Data scientists should strive to know every last detail about their compute stack.
I believe in this philosophy: to execute on your best work, you need to have end-to-end control over every last detail.
This is illustrated by the following examples.
Firstly, the story of Jeff Dean and Sanjay Ghemawat: in order to optimize Google's software early on in Google's life, they went all the way down to the hardware and manipulated bits. I believe we should aspire to do the same if we want maximal effectiveness.
Secondly, on another tech giant constantly in my radar: Apple makes some of the world's most beloved, though to some most hated, computers. One thing that cannot be denied: there is a general pattern of excellence in their execution.1 And one of the causal factors is their relentless control over every little last detail in how they build computers. I believe the same exists for our work as data scientists.
Thirdly, I remember digging deep into 64-bit vs. 32-bit computation on GPU vs. CPU in order to solve a multinomial sampler problem in NumPy, in order to complete the implementation of a Bayesian neural network that I was writing. If I didn't dig deep, I would have been stuck and be unable to complete the neural network implementation that I was working on, which would have been a pity: my PyData NYC 2017 talk on Bayesian deep learning would never have materialized.

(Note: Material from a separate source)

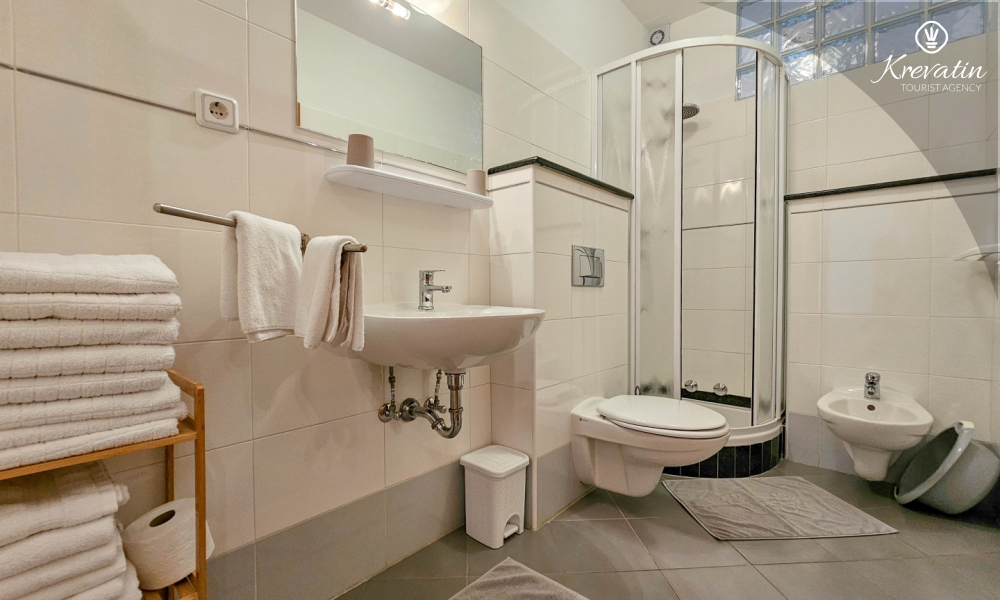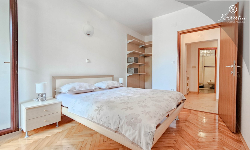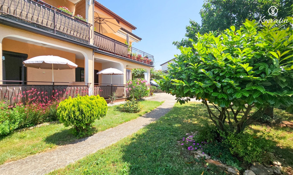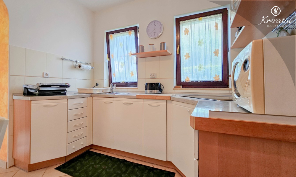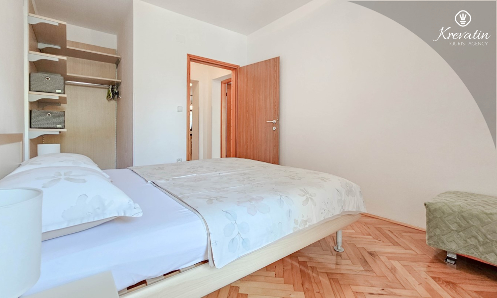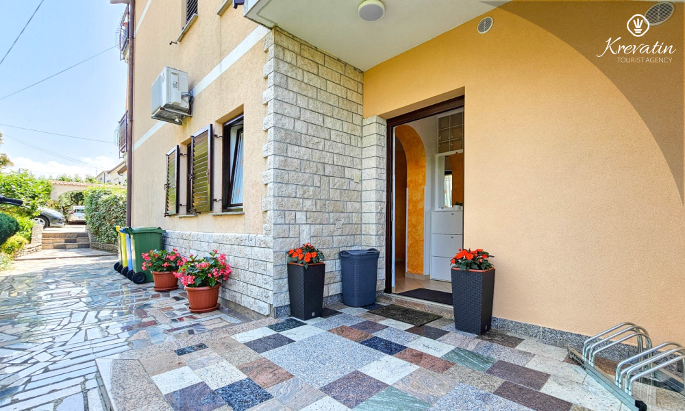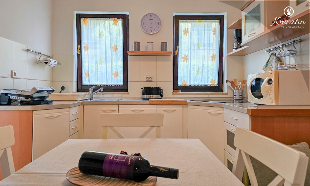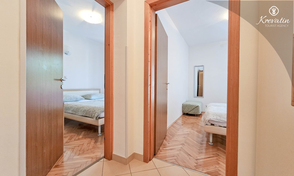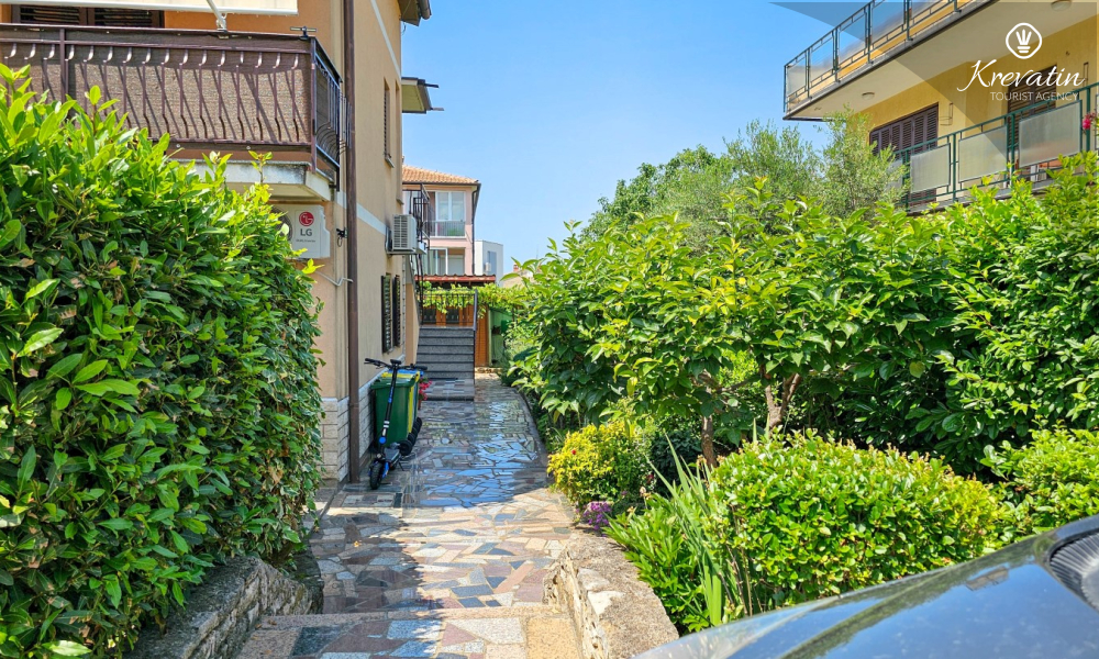 L'appartamento offre due camere da letto, una cucina attrezzata con utensili di base per la preparazione dei pasti, un bagno con doccia e WC e due terrazze coperte con tavolo e sedie, perfette per rilassarsi all'aria aperta. A disposizione anche un giardino in comune con barbecue.

The compute stack that we use, from as low-level as the processor architecture (ARM/x86/x64/RISC) to the web technologies that we touch, affect what we do on a day-to-day basis, and thus what we can deliver. Having the depth of knowledge to be able to effectively navigate every layer of the stack gives us superpowers to deliver the best work that we can.
See this philosophy in action
Here's what I've found works best when you truly know your computing stack:
Environment management that actually works
When you understand your stack from Python interpreter to package manager, you can make informed choices. I've lost count of how many times this has saved me from dependency hell. See how this plays out in Modern environment management with Pixi - instead of wrestling with conda environments, you'll understand why feature-based environments eliminate dependency conflicts.
Editor configuration that saves hours
Knowing your editor deeply means configuring it to eliminate friction. The beauty of this approach is that you stop fighting your tools. Check out the VSCode configuration section where I configure auto-save every 10 seconds ("files.autoSave": "afterDelay"
), set up format-on-save, and install the exact extensions that matter for data science work.
Shell mastery for speed
Understanding your shell environment unlocks serious productivity. You'll love the magic of well-crafted aliases! The Shell aliases section shows how knowing shell internals lets you create shortcuts like alias ls="exa --long"
that save keystrokes hundreds of times per day.
Environment variables done right
Stack knowledge means understanding how environment variables flow through your system. What are the advantages of this approach? No more "which environment am I in?" confusion. See Environment variable management where I use direnv
to automatically load project-specific configurations without manual setup.
The result: You spend time solving problems, not fighting your tools.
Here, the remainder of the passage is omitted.